I currently get $1,391 a month. I’m going to show you what this looks like to someone with my condition. I spend $300 on insulin. I spend $450 a month on a dispensing fee for my medication. I don’t have a home, and therefore I don’t have a fridge to keep my medication in. That means every time I take my medication, which is three times a day, I have to pay $5 for the dispensary to put the insulin in the needle. This leaves me with $641 for food and rent. Due to my diabetes, I need to spend more on food. And even though welfare-rate housing is $375, it is almost impossible to find a unit, especially if you are having seizures and are considered a danger to everyone around you.

It is impossible math. If I had a home I wouldn’t have to pay the dispensary fee, because I would have a fridge to store my medication in. But how do you find a home in a city that is so unaffordable? I’m not allowed to work. I’m not even allowed to volunteer due to my seizures.

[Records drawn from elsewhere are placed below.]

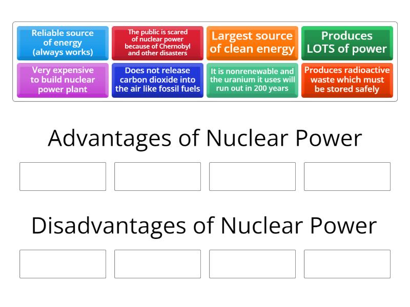 Advantages of Nuclear Power: Does not release carbon dioxide into the air like fossil fuels, Produces LOTS of power, Reliable source of energy (always works), Largest source of clean energy, Disadvantages of Nuclear Power: Produces radioactive waste which must be stored safely, Very expensive to build nuclear power plant, The public is scared of nuclear power because of Chernobyl and other disasters , It is nonrenewable and the uranium it uses will run out in 200 years,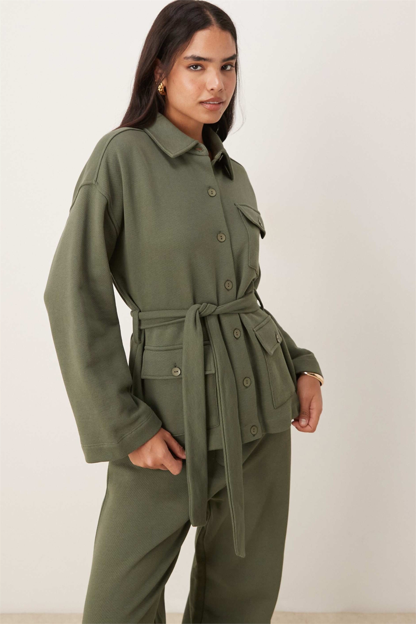 Длинный рукав из твила с завязкой спереди и пуговицами, цвет хаки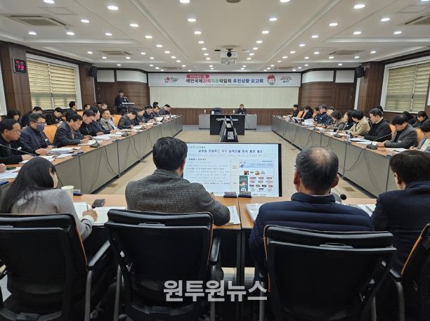 군은 지난 16일 군청 중회의실에서 ‘2026년 1월 태안국제원예치유박람회 추진상황 보고회’를 열고, 153억 원이 투입되는 41개 연계사업의 부서별 추진 현황을 촘촘히 점검하며 성공적인 개최를 위한 최종 담금질에 나섰다.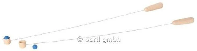 Jeu dadresse consistant à faire passer la bille dun godet à lautre, au bout de tiges souples en métal de 50 cm de long.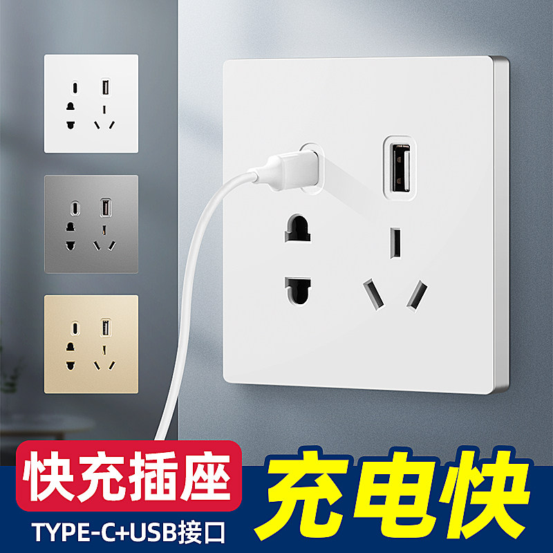 Тип 86 Пятилетний USB-выключатель Type-C Smart Fast Grading Plant-Plugen Pangin Dark Установка 5-луночная зарядка мобильного телефона
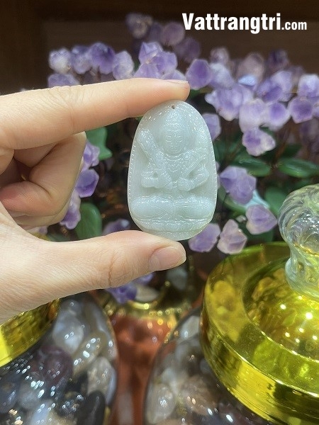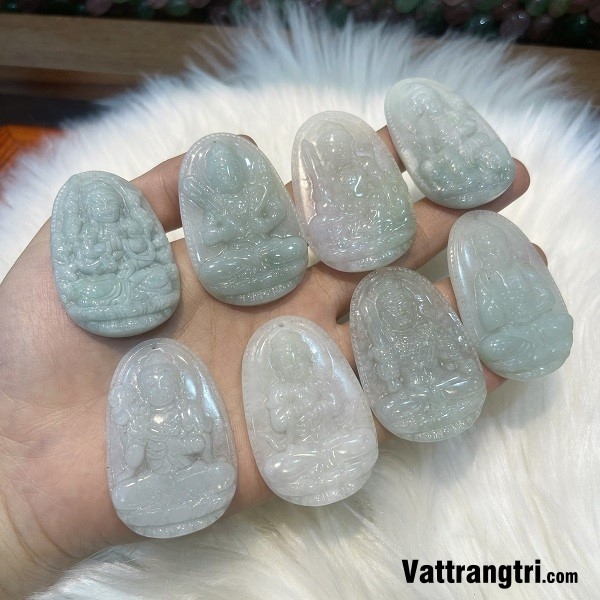 - Ngọc cẩm thạch trắng và Phật bản mệnh: Sự kết hợp giữa màu trắng tinh khiết của cẩm thạch và hình tượng Phật bản mệnh tạo nên một biểu tượng phong thủy mạnh mẽ, mang đến sự bình an, may mắn và bảo vệ cho người sở hữu.

I sometimes think about ending it all. Once I did a gram of heroin to try to kill myself. I think I was dead for more than five minutes. My roommate’s girlfriend found me and brought me back to life. I was pissed that she found me. This was not a “call for help” suicide attempt. I knew I wanted to die because I was tired of living this way. The pain of being brought back to life deters me from trying again. So I try to make my life useful now.

I do a lot for the Downtown Eastside, and it makes me feel useful and valuable. The most heroic thing I’ve done is save a 16-year-old girl from being raped by a convicted rapist. I stopped him from hurting her and he got put away for five years in jail. This experience gave me a new start in life. Everyone was proud of me, and I didn’t want to ruin being a public hero.

But I am still in a lot of day-to-day pain. I still can’t accept that I self-medicate with street drugs. I am an honest drug addict. I don’t steal or rob people. I recycle garbage every day, and bin and sell merchandise that I find or is donated to me on the street to make a meager living. I don’t like the fact that I smoke crack every day but I need it to escape. The day-to-day is so painful and the seizures are unbearable. When I’m high I don’t hurt or worry about my condition.

I was living at Oppenheimer Park even before Tent City started. I’ve been living here for three years already. It was illegal to sleep here before Tent City too. Sometimes the cops or garbagemen would toss my tarp or belongings in the trash and laugh at me. Last year, some rookie cops beat me up because I was in a peaceful protest for affordable BC housing.

This will be my sixth winter in Vancouver. It’s nice to see people come together to fight homelessness. People watch out for each other here in Tent City, and I never get my stuff stolen. People are constantly helping me with my diabetes. They know I have to eat more often and be on a special diet so they give me their empties and I can use that money to buy what I need. But it’s a little tougher to live in a dense camp. You don’t get much privacy from each other. But then again, you can’t expect much privacy when you live in public.

My hope is that we will move to Crab Park (a park just north of Oppenheimer). That’s where all the rich people walk their dogs nowadays. It’s also more strategic because there’s only one way in and one way out. This is war for proper housing.